The Night-Time Economy, another of Mr. Graham’s ministerial portfolios, has become inextricably entwined with the Arts. Millions of dollars of arts and culture funding are devoted to promoting this nebulous entity, which is supposed to make us feel excited that NSW is packed with vibrant nocturnal activities, even if it only means hanging out in pubs and clubs for ever longer periods. The greatest beneficiaries of this fabulous Night-Time Economy are entities such as lobby group, ClubsNSW, and the Australian Hotels Association, who have an active interest in promoting drinking and gambling. Under the guise of fun for all, there are big profits for groups who are willing to donate to any political party which looks after their interests.
Naturally, none of this rampant politicisation of the cultural sphere is recognised or admitted as such. It’s all hidden beneath of blanket of public welfare and well-being embroidered with little pink elephants and smiley faces. Decisions are allegedly made on the basis of quality although few might agree with the way this term is interpreted by the ‘experts’ and bureaucrats the NSW Government uses for its committees and assessments.
Mr. Graham and his minions obviously believe they are the supreme rulers of arts and culture in NSW, able to reward friends and punish enemies at will.
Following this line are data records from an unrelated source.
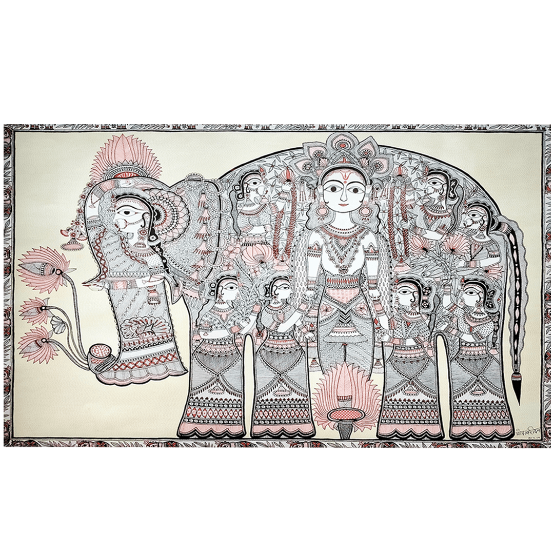 The painting captures the moment Gajendra (the elephant king and Vishnu devotee) is seized by a crocodile. After his own efforts fail, Gajendra offers a lotus flower to Lord Vishnu, who appears and kills the crocodile with his Sudarshan Chakra to liberate his devotee. The work is uniquely rendered using only black and red on a white background, demonstrating the power of line-based storytelling. In a distinctive stylistic choice, Godavari Dutt depicts Vishnu and other deities across the entire body of the elephant. Vishnu’s face is portrayed with deep compassion, flanked by goddesses who cheer his arrival. The piece is noted for its linear rhythm, precise proportions, and balanced perspective. The lotus flower held in Gajendra’s trunk serves as a poignant focal point, symbolizing the act of complete surrender and faith.
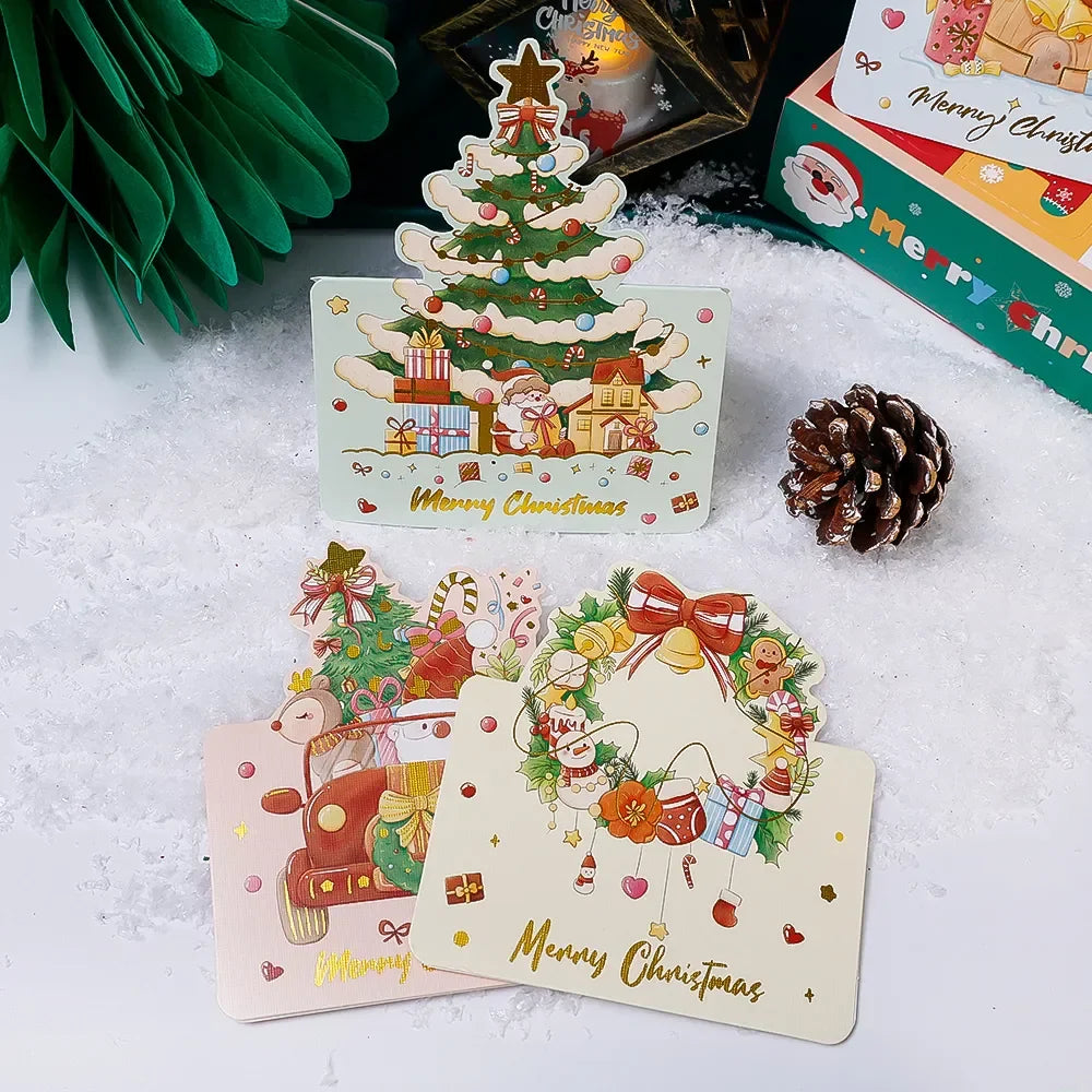 20/10/5/1Pcs Christmas Cards Greeting Invitations Foldable Bronzing Gifts Letter Home Xmas Party Envelope Decoration Accessories
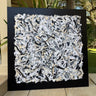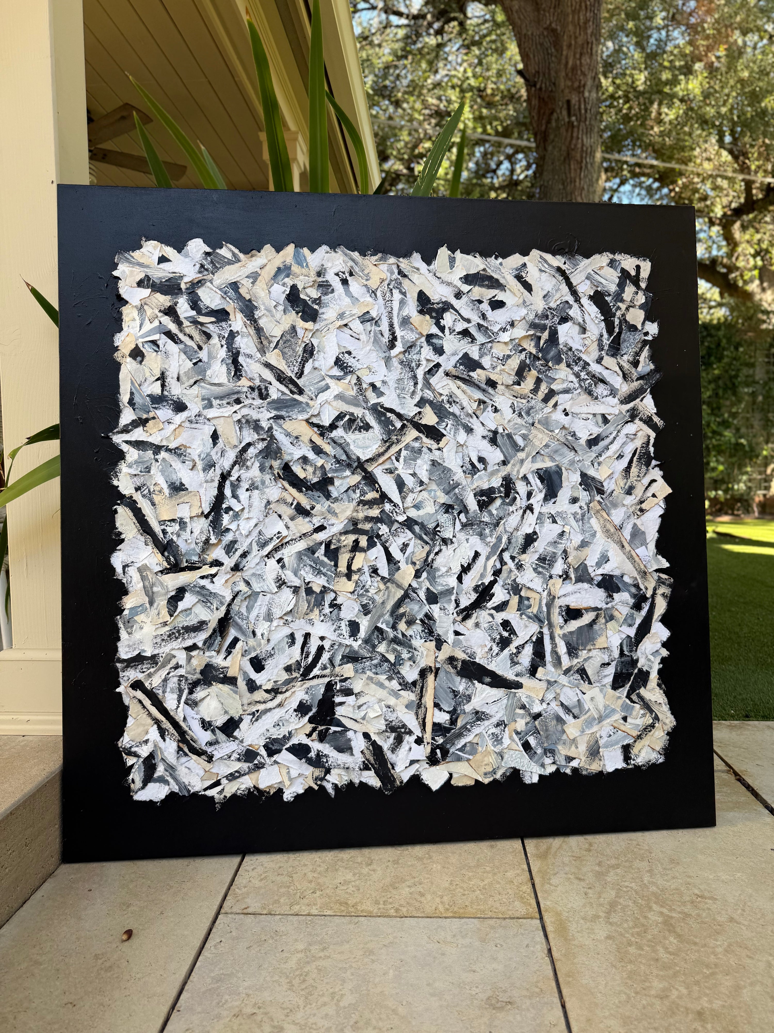 48x48 collaged canvas, layered with strips of cut and ripped paper artwork, all created by Erin Donahue Tice. Signed on the back of the canvas. Green background. Unframed.

In most cases they don’t appear to be motivated by any special animus – they simply don’t value organisations such as the regional galleries or the Australian Design Centre and feel no need to spend money in these areas.
But when it comes to the things the government truly loves, such as Powerhouse Parramatta, festivals in the western suburbs, ‘contemporary music’, or the night-time economy, there are no bounds to its largesse. It’s a breathtaking display of arrogance, that in political terms translates into a form of totalitarian behaviour in which the ruling party pays no attention to its critics or its victims; being ready break promises at will, or to mislead parliament and press, as has consistently been the case with the Powerhouse.
If there is a reckoning ahead, it won’t come from a zombie media, which has allowed itself to be snowed and bribed into submission. That corpse will only spring to life when this cavalcade of neglect and waste has finally careered off a cliff. The spectre on the horizon is the startling rise of One Nation, a group that is already displaying an unusual interest in arts and cultural funding. By ignoring the claims of the many for those of a chosen few, the government has provided a generous supply of ammunition for a populist party that will never be convinced by NSW Labor’s blatantly duplicitous spending priorities.
The Minns government should be able to understand that every virtuous act of “inclusion” is also an act of exclusion for those who don’t fit an approved set of ideological guidelines.
When the ranks of the excluded far exceed those of the chosen, this presents a volatile scenario for a disgruntled mass audience. By adopting a set of extreme, intransigent and undemocratic attitudes towards art and culture, the NSW government has left itself vulnerable to a growing political movement that doesn’t feel the need to hide its decisions behind a mask of hypocrisy. One Nation’s own brand of hypocrisy is as the voice of the common people, bankrolled by Gina Rinehart.
It would be ironic if the government became a victim of its own hubris for abandoning those people with an interest in the arts who habitually vote Labor, only to be invariably betrayed. This time the betrayal has been so far-reaching it has the potential to mobilise a popular audience who know nothing about art but have an absolute conviction that their taxpayer dollars should not be spent on projects that claim to be all sweetness and light but give off a sickly whiff of corruption.